With the macroeconomic headwinds at play, the global initial public offering (IPO) market has been a tad gloomy recently. However, the Asia Pacific markets have been an exception in the first half of 2023. A report by EY states that the region has dominated the IPO market during the period, although proceeds are down considerably compared with last year. In the period between January to June 2023, the region recorded 371 new listings with a combined value of $39.4 bn, which is 65% of the global aggregate. Another report by Deloitte specifically highlights the number of IPOs in Southeast Asia as 85 IPOs in the first half of 2023, with proceeds of about $3.3 bn.

Another report by Deloitte states that Southeast Asia saw a 16% increase in the number of new IPOs and a 5% increase in IPO amount raised in H1 2023 compared to the same period last year. Three major IPOs in Indonesia raised over $500 mn during the period, compared to only one mega IPO of PT GoTo Gojek Tokopedia Tbk in 2022 which had raised $1 bn in 2022 H1.

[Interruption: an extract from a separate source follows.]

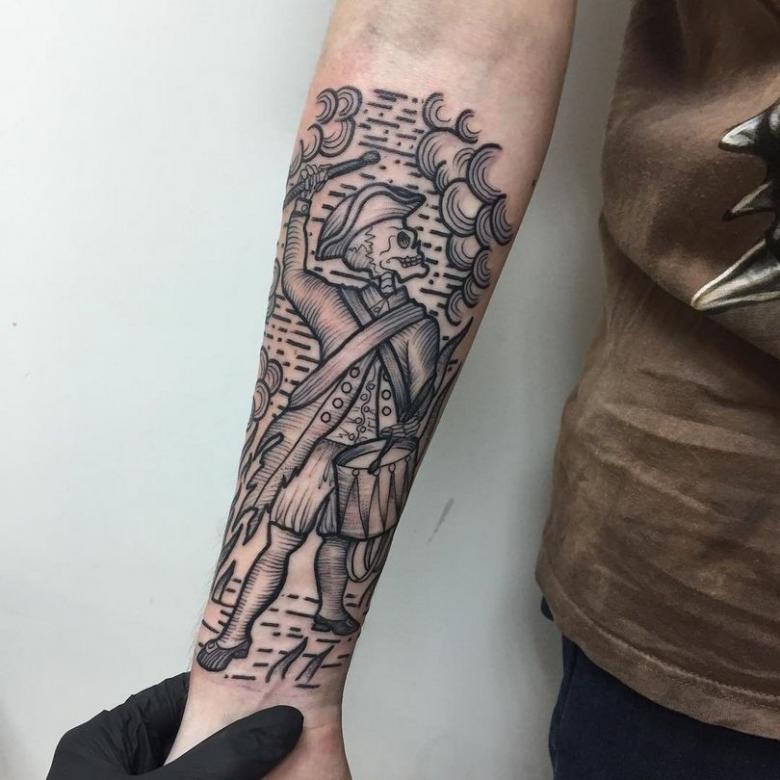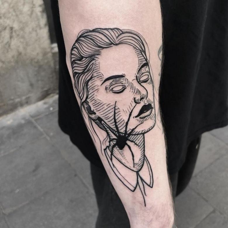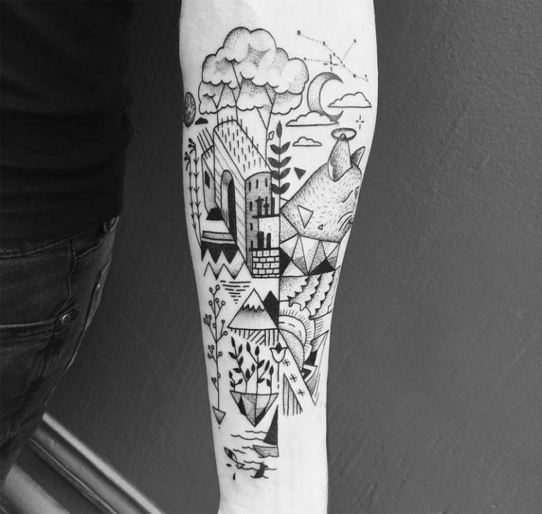 Mais le dessin au trait donne plus de créativité au tatouage, car il permet de mélanger différents styles et tendances dans l'art de la peinture corporelle. Le mot "linework" lui-même contient les mots anglais "line and work" et se traduit en russe par "travail en ligne" ou "travail en ligne".

The top three IPOs were Nexchip Semiconductor for $1.9 bn, Semiconductor Manufacturing Electronics Shaoxing Corporation (SMEC) for $1.8 bn, and Shaanxi Energy Investment for $1 bn. The first two companies were listed in Shanghai while Shaanxi was listed on the Shenzhen stock exchange.

Reasons behind the rise of IPO in Southeast Asia

Over the past few years, factors like the pandemic, the Russia-Ukraine conflict, geopolitical instability, rising inflation, and interest have constantly impacted Southeast Asia. But things have started looking better now. The post-pandemic reopening, restoration of tourism, and booming domestic demand have led to the influx of foreign direct investment in the region.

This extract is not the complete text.